= SOURCE DATA =
::::::::::
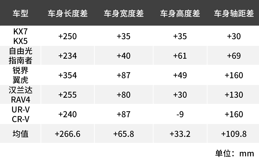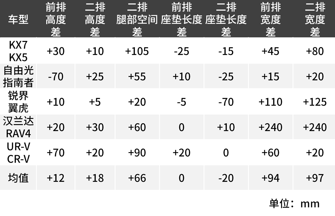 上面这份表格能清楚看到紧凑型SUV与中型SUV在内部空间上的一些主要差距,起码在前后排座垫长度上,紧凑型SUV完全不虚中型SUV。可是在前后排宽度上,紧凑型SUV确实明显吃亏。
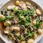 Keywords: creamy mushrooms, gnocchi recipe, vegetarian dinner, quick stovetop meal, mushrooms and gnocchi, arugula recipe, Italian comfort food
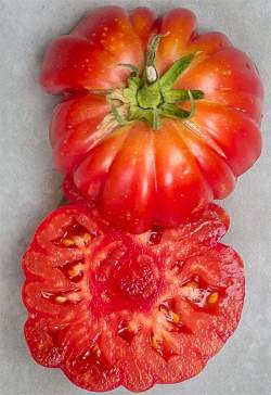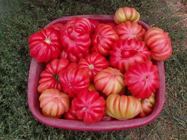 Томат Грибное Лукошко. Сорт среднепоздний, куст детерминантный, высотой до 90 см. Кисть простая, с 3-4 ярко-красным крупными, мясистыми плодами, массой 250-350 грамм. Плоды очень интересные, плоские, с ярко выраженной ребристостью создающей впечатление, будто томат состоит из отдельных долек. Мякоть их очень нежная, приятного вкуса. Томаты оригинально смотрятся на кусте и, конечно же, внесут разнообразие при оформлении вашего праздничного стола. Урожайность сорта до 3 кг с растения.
::::::::::
= TASK ITEM =
Your copy should match the data above exactly, apart from the pictures.

= REPLY =
 上面这份表格能清楚看到紧凑型SUV与中型SUV在内部空间上的一些主要差距,起码在前后排座垫长度上,紧凑型SUV完全不虚中型SUV。可是在前后排宽度上,紧凑型SUV确实明显吃亏。
 Keywords: creamy mushrooms, gnocchi recipe, vegetarian dinner, quick stovetop meal, mushrooms and gnocchi, arugula recipe, Italian comfort food
 Томат Грибное Лукошко. Сорт среднепоздний, куст детерминантный, высотой до 90 см. Кисть простая, с 3-4 ярко-красным крупными, мясистыми плодами, массой 250-350 грамм. Плоды очень интересные, плоские, с ярко выраженной ребристостью создающей впечатление, будто томат состоит из отдельных долек. Мякоть их очень нежная, приятного вкуса. Томаты оригинально смотрятся на кусте и, конечно же, внесут разнообразие при оформлении вашего праздничного стола. Урожайность сорта до 3 кг с растения.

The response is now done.